The 23 Hours etc was the result of an error by IMSA, the governing body admitted the day after the race. But its statement didn’t offer any explanation as to why it happened. A chance to put any conspiracy theories to bed appeared to have been missed.
There were those eager to search for one in the early flag fall. They weren’t easy to find. A first Porsche victory in yonks and a first for Penske since 1969 and its victory with the Sunoco-liveried Lola-Chevrolet T70 Mk3B might look like a desirable result, a nice storyline, but it shouldn’t be forgotten that the car in the winner’s slipstream was fielded by a team that happens to be owned by the France family, which also controls Daytona, IMSA and NASCAR. Nice try.
Or you could go deeper and hypothesise that the top two cars were carrying less fuel than the one in third place. That was an Acura, run by the Wayne Taylor Racing with Andretti squad. The Honda brand had won the previous three editions of Daytona, so perhaps the organisers thought it was time for a change. A none-too-favourable Balance of Performance for its ARX-06 LMDh pointed that way, but it was still a big perhaps to suggest the cars in front were about to run short of fuel. Penske has insisted that it had enough for two more racing laps when the flag erroneously fell.

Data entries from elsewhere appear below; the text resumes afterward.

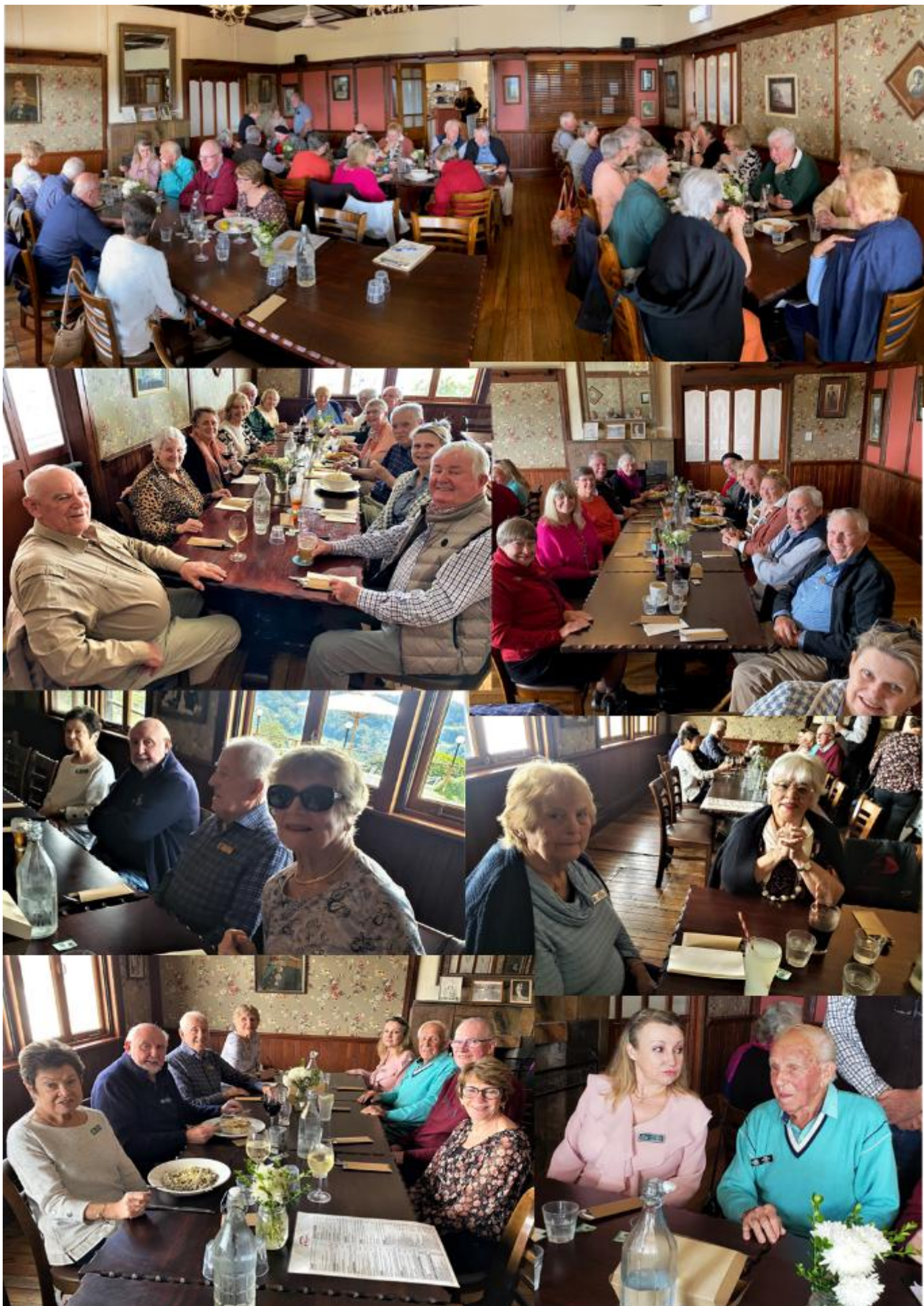
Lunch at St. Bernards Hotel, Mt. Tamborine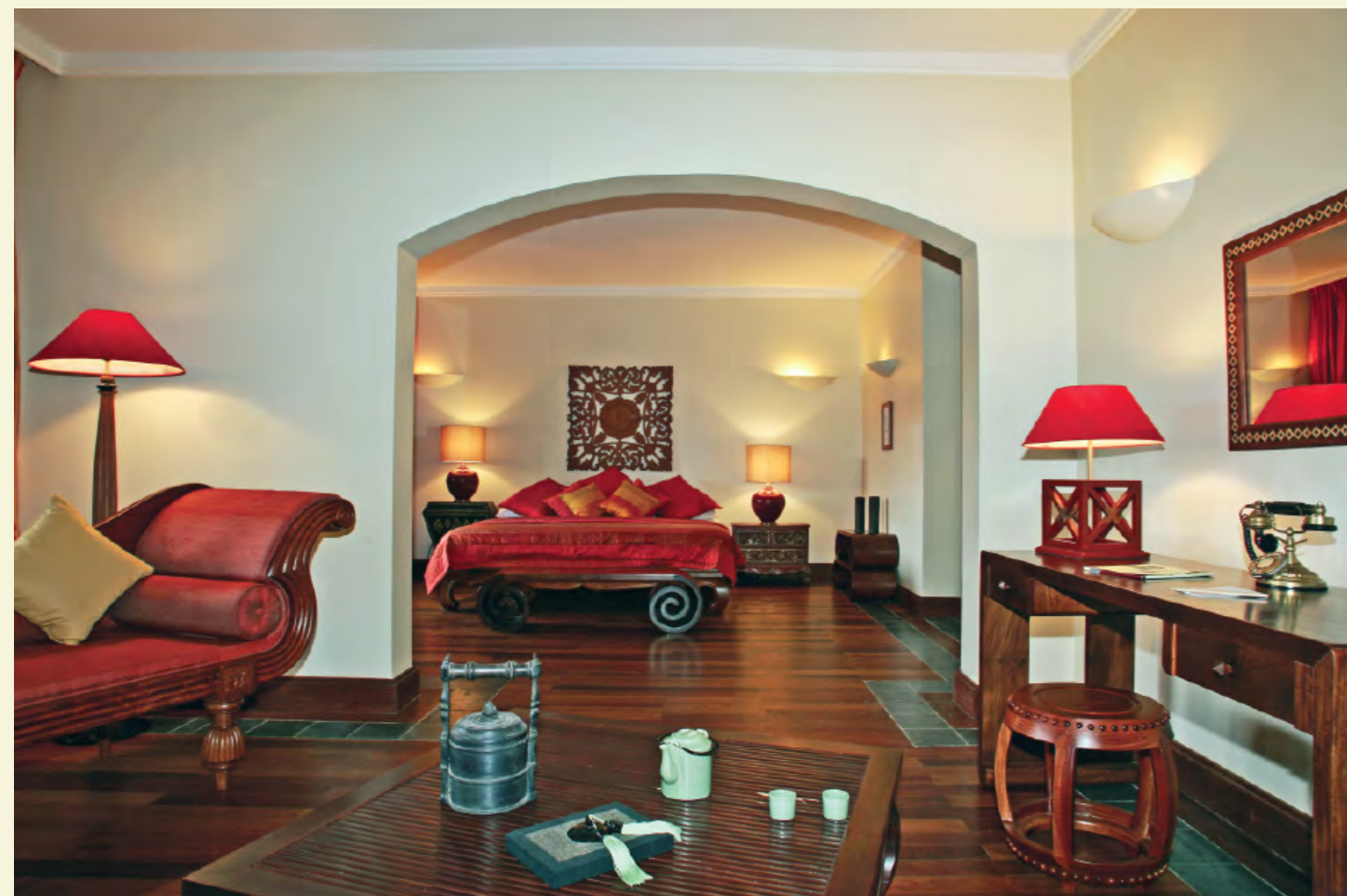
TA PHROM SUITE ROOM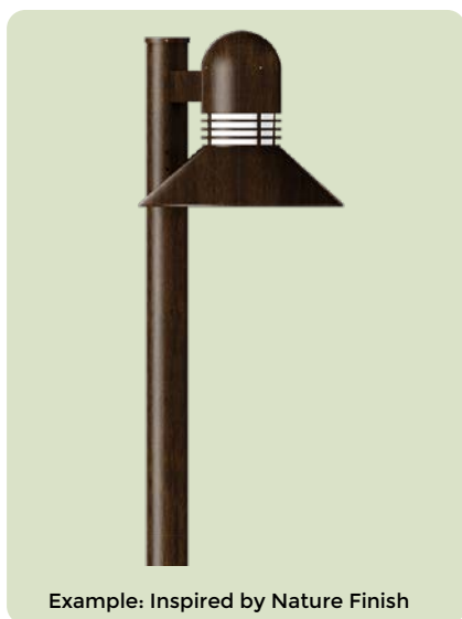
Example: Inspired by Nature Finish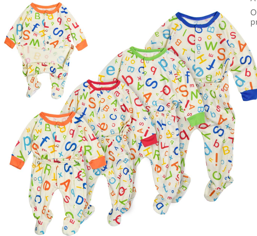
Style 500ST : Infant Footed Pajamas

100% Micro Polyester for softness Hand flaps to protect from scratching Easy on/off with stainless steel snaps Inherently flame resistant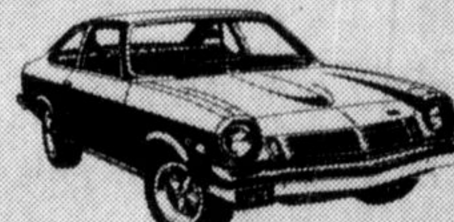
Vega GT Hatchback Coupe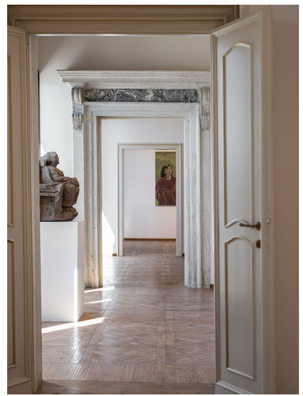
Installation view of "Claire Tabouret: I am spacious, singing flesh," photo by Ugo Carmeni, © Claire Tabouret, courtesy of the artist and Almine Rech.

CT: We have less time for ourselves with a child, so there is a great radicality and immediacy in the way we use this time when it arises. It's a constraint in a way, but of course, it's also expansive and transformative. I wanted this show to reflect that tension, the feeling of being in a dynamic state of change.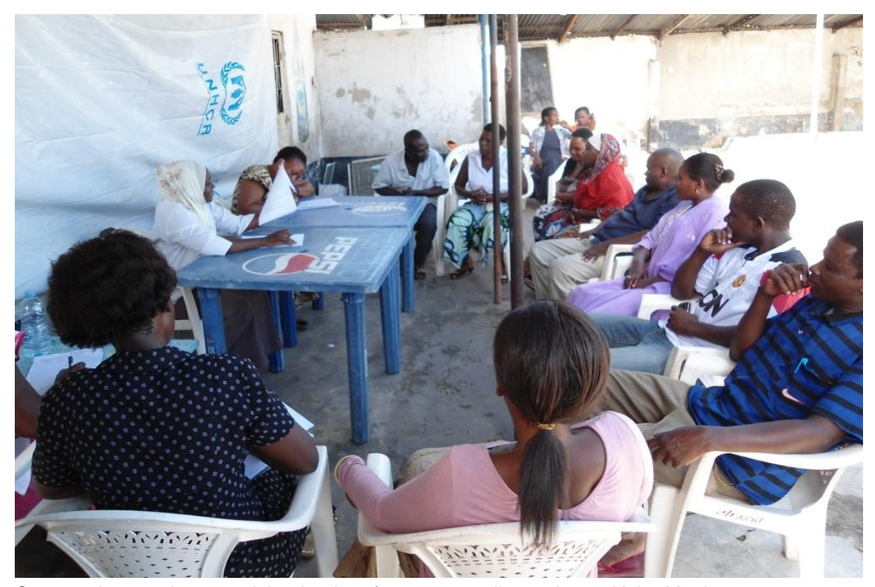
Community members participating in a focus group discussion at Keko Machungwa settlement during the situational analysis study. Shame Juma, 2012.

The processes of profiling, mapping and enumeration included feedback meetings with the communities. Data gathered was shared and community participants were encouraged to respond to the findings and propose solutions to identified problems. The direct engagement of community members in the collection and analysis of data helped communicate the findings to other residents and strengthen the presentation of the results to the local authorities.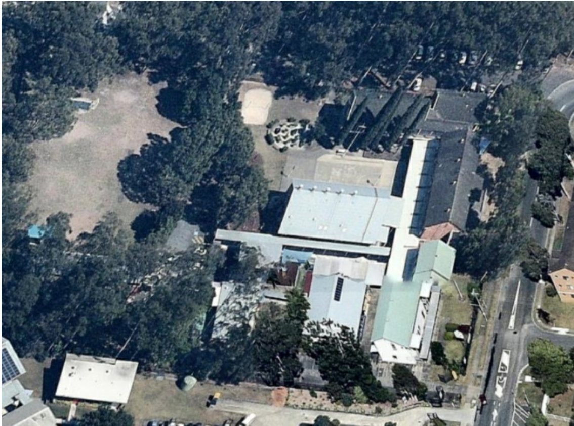
Figure 3: Existing THSPS looking West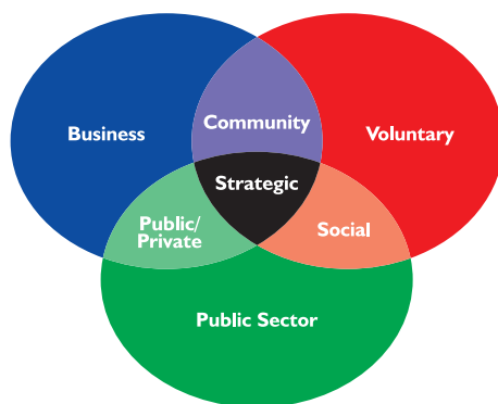
Figure 1 Multi-sectoral Partnerships

For our purposes we have taken a working definition of partnership as: a cross-sector, inter-organisational group, working together under some form of recognised governance, towards common goals which would be extremely difficult, if not impossible, to achieve if tackled by any single organisation. We have mainly been concerned with partnerships which are strategic in bringing together the public, private and community/voluntary sectors to address shared issues, e.g. in health, economic regeneration, education/skills, etc.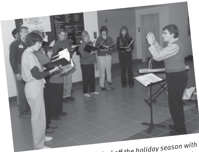
The Healing Arts Chorus kicked off the holiday season with an early December performance at MMC's Cancer Institute at the Scarborough Campus.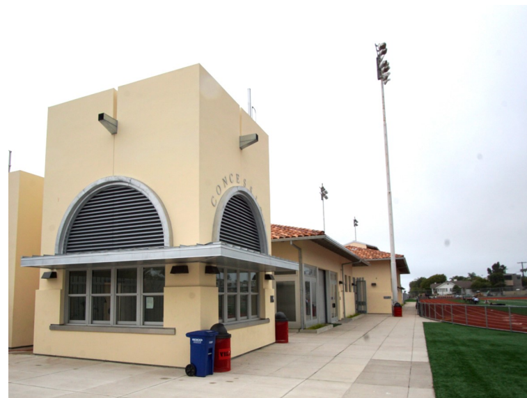
New visitor stadium entrance and concessions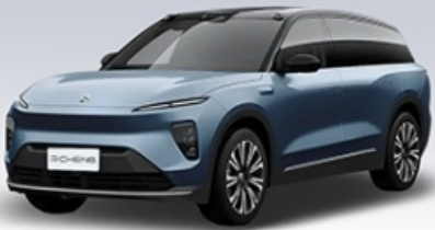
● LIGHT BLUE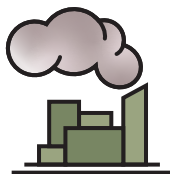
Sources of air pollution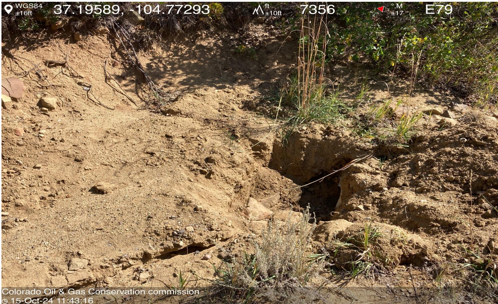
PHOTO 7: NEXT CULVERT DOWN THE HILL WAS NOT CLEANED ADDIQUATELY. CLEAN AND MAINTAIN ALL CULVERTS PER RULE 1002. CA DATE 11/15/2024.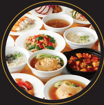
Yokohama Chinatown Buffet 横滨中华街自助餐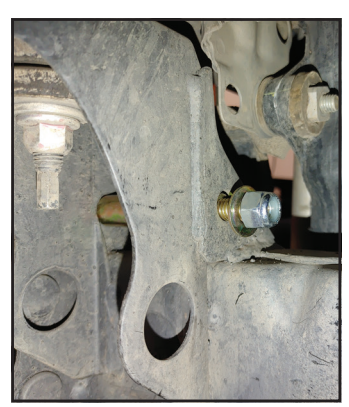
FIG. 23 FIG. 24

22. Install the supplied Edge Guard Trim along the cut edge of the plastic bumper fascia and trim the ends to fit.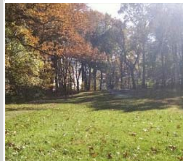
Metro Access Path on Galloway Street NW, Washington, DC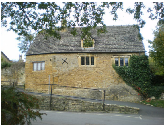
Figure 9: The Old Forge on the Green (unlisted)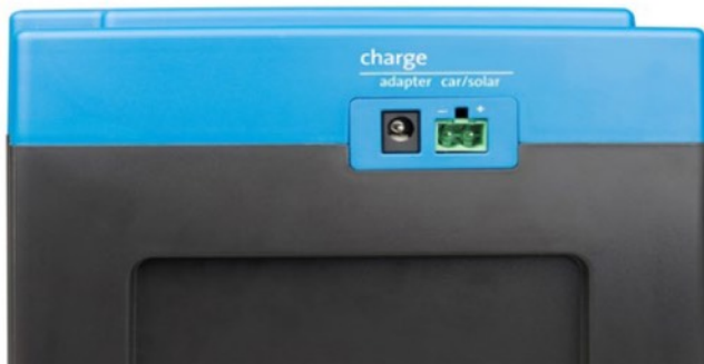
Adapter and car/solar inputs (plug for the car/solar input is included)

The more plausible explanation is that it was just a mix-up precipitated by the race starting late. A shade under two minutes to be precise. So Daytona this year pretty much finished 24 hours after it was due to have started rather than a full day after it actually did. So let’s bury all the conspiracies.
IMSA didn’t need the coverage resulting from a Porsche or a Penske victory. It had that by the bucketload because Hollywood was in town. Brad Pitt was there in person filming scenes for the upcoming Joseph Kosinski-directed movie, which may or may not be titled Apex. His character, Sonny Hayes, even had his name on the side of a car, a Porsche 911 GT3 R entered by Wright Motorsports but with the fictional team name Chip Hart Racing emblazoned on its sides.
The movie business and Daytona are no strangers, of course. There was Days of Thunder, but also Paul Newman’s participation in the race. He finished third in 1995. His Roush Racing Ford Mustang carried No70 to reflect his age, just as the cars he raced at Daytona did in further appearances at Daytona, the last of which was just past his 80th birthday.
“Porsche notched up Daytona win 19, equalling its tally at Le Mans”
Pitt’s presence at Daytona should be regarded as a sideshow, though the publicity might have helped bring fans through the gate. This year’s race drew another record crowd, as they all seem to these days. The real story was the battle between Porsche and Cadillac, the two manufacturers that compete in both IMSA and the World Endurance Championship with their LMDhs. The former notched up Daytona win number 19 in January, equalling its tally at Le Mans. The question now is whether it can challenge for victory in the French enduro and make it a nice round 20 victories.